How XML is being used today

Document Content Management

Various target groups inside and outside of organizations require timely delivery of information in different formats and on numerous media, for example product catalogs on paper, CD-ROM, or HTML. Unfortunately, maintaining and formatting textual information is costly because it must be performed manually.

Content management is therefore a prime application area for XML, because information stored in XML format can be filtered quickly to suit virtually any audience. Filtering is made possible by style sheets, which are basically sets of rules (XSL) defining how various XML elements are to be displayed for a particular output format. For example, XML transformation systems such as XSL Transformation (XSLT) convert XML for display on several types of front-ends, including conventional browsers, XML browsers, and even lightweight devices such as cell phones and PDAs that support the Wireless Markup Language (WML). WML is a derivation of XML.

A pioneering XML project that has been very successful, but has received relatively little attention, is the Wall Street Journal (WSJ) Interactive Edition, an online newspaper. XML allows intelligent searching within the WSJ Interactive Edition archive, so that searching for the "company name" tag "IBM," for example, returns stories about IBM, but not stories in which IBM is mentioned in passing.

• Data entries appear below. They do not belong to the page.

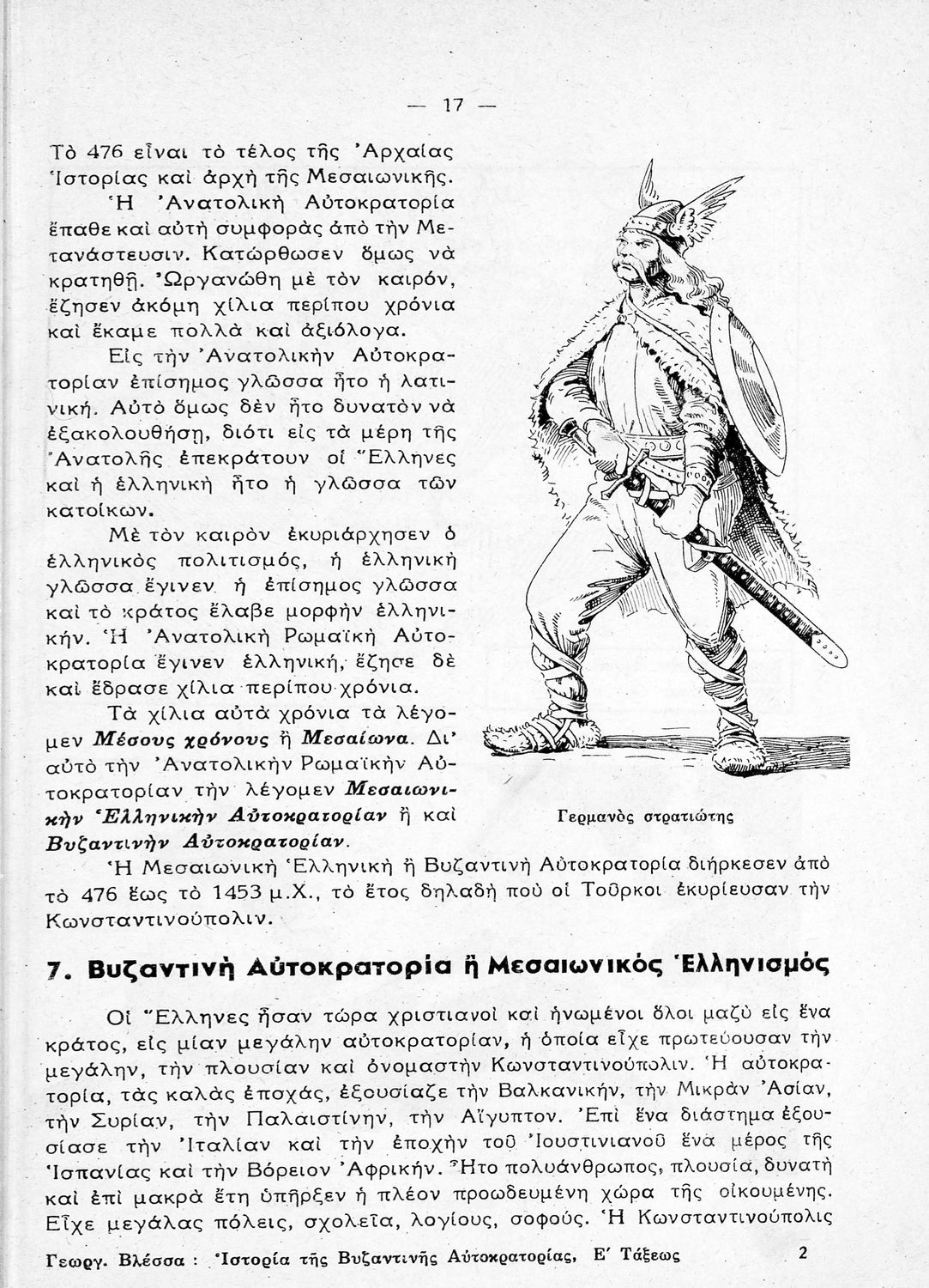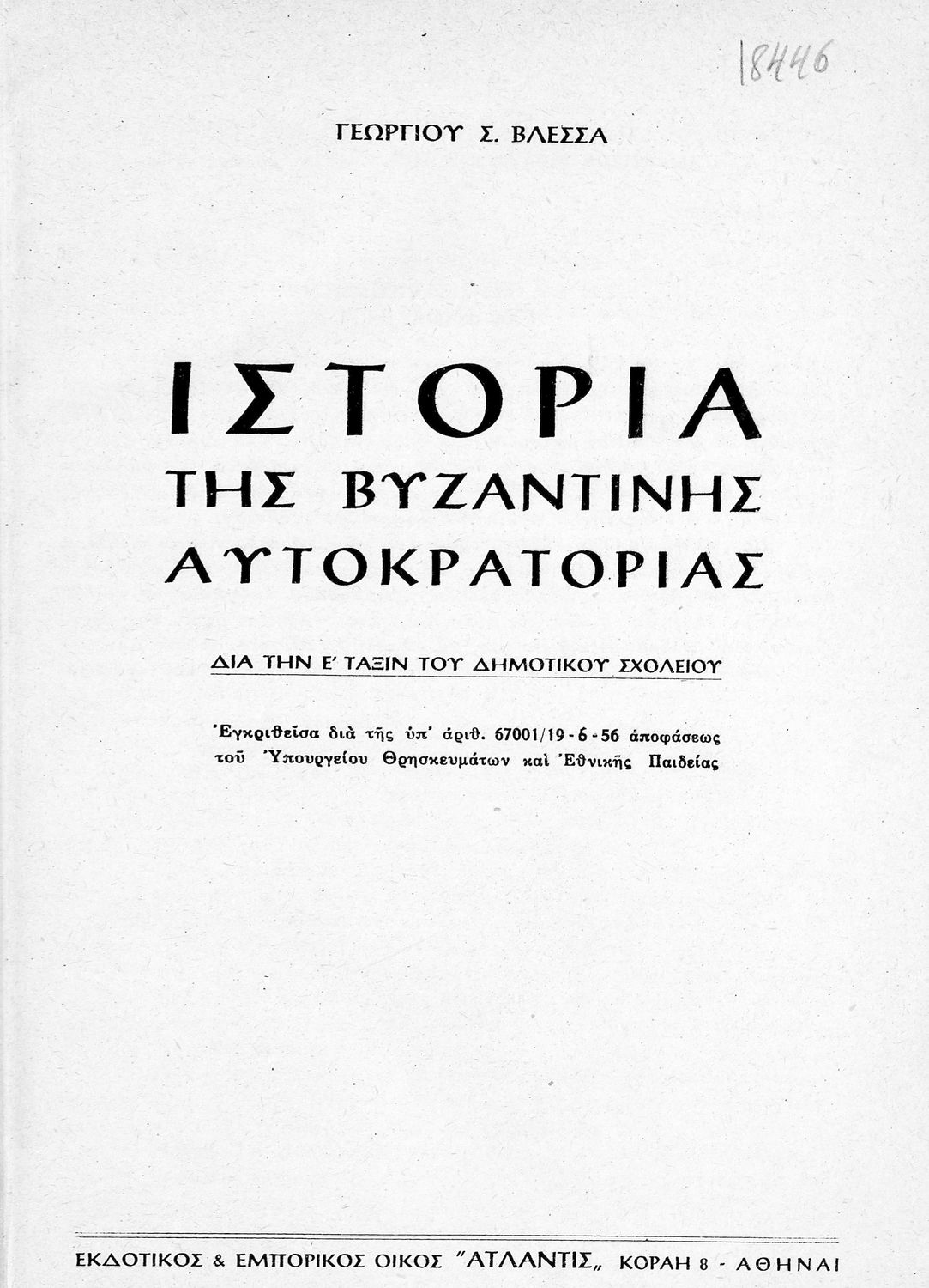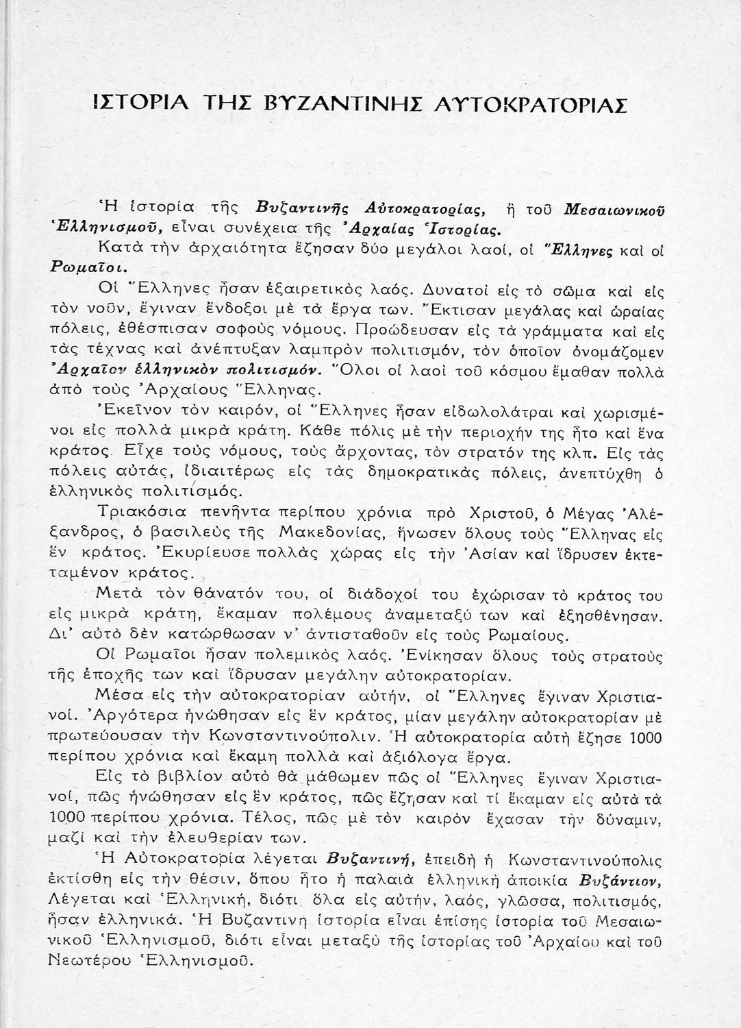 Σχολικό εγχειρίδιο για το μάθημα της Ιστορίας στους μαθητές του Δημοτικού. Αναφέρεται στα χρόνια της Βυζαντινής Αυτοκρατορίας μέχρι και την άλωση της Πόλης. Το τελευταίο κεφάλαιο αναφέρεται στα επιτεύγματα της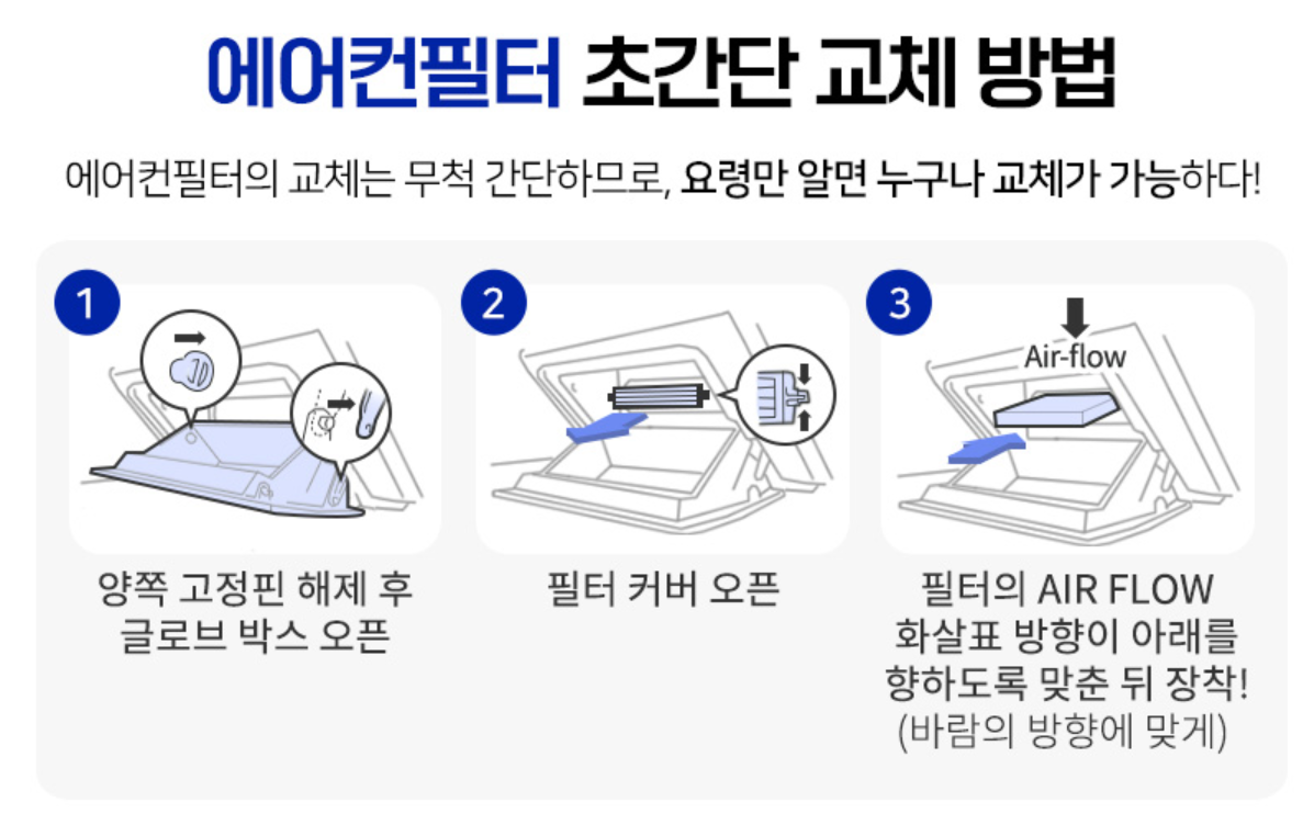 에어컨필터는 자동차 소모품 중에서도 셀프 교체가 쉬운 품목입니다. 자동차 구조가 특이하지 않은 이상 셀프교체를 권장드립니다.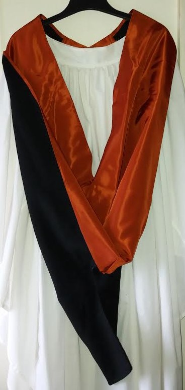 Although the University of Manchester Institute of Science and Technology (UMIST) had achieved university status in 1955, it continued to award Victoria degrees until 1993, when it became independent. It formed the Faculty of Technology of the VUM, and awarded the degrees in technology, designated BSc(Tech) and MSc(Tech). The colour of the faculty was terra-cotta, the BSc(Tech) being black, bound 1” terra-cotta and bordered 1” fur, and the MSc(Tech) being black lined and bound terra-cotta.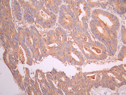 • IHC image of CSB-RA016426A0MO diluted at 1:100 and staining in paraffin-embedded human colorectal cancer performed on a Leica BondTM system. After dewaxing and hydration, antigen retrieval was mediated by high pressure in a citrate buffer (pH 6.0). Section was blocked with 10% normal goat serum 30min at RT. Then primary antibody (1% BSA) was incubated at 4°C overnight. The primary is detected by a Goat anti-rabbit polymer IgG labeled by HRP and visualized using 0.05% DAB.

The power of XML was demonstrated when WSJ subsequently wanted to provide news to PalmPilot users. Subscribers now simply download information formatted for the limited Web browser abilities in these handheld devices to their PCs, then sync them to their palm computers for later reading.

In short, the WSJ Interactive Edition successfully uses XML technologies to separate form from content so that content can be processed more efficiently. XML data is filtered for printed paper, the Web, and a stripped-down HTML version delivered to PDAs.

Enterprise integration

Much of the current excitement surrounding XML involves its potential in linking existing enterprise systems, often ERP systems, with:

  • each other. Organizational changes, mergers, and the general evolution of technology and business often force enterprise-level systems that were designed to stand alone to exchange data with other "monolithic" systems. ERP vendors and some enterprise integration vendors are using XML as the cornerstone for these integration efforts.
  • suppliers and customers. Traditionally the domain of EDI, projects in the area of business-to-business have been relatively limited outside of very large enterprises because of cost and complexity. XML-based EDI has come into its own recently because of the combination of the universal transport mechanism "Internet" and the universal data format "XML."
  • consumers. The explosion of interest in e-commerce has made it imperative for many enterprises to offer their goods or services directly over the Internet. Many products are available for building online storefronts, but few offer links to underlying ERP systems, and ERP vendors have not been quick to offer sophisticated storefront software of their own. This has led to a paradoxical situation where orders entered electronically by consumers over the Internet often must be re-entered by hand into the ERP systems that track inventory or schedule production. Vendors such as Intershop are using XML as the basis for data presented to and received from the user and to link with back-end EDI and ERP systems.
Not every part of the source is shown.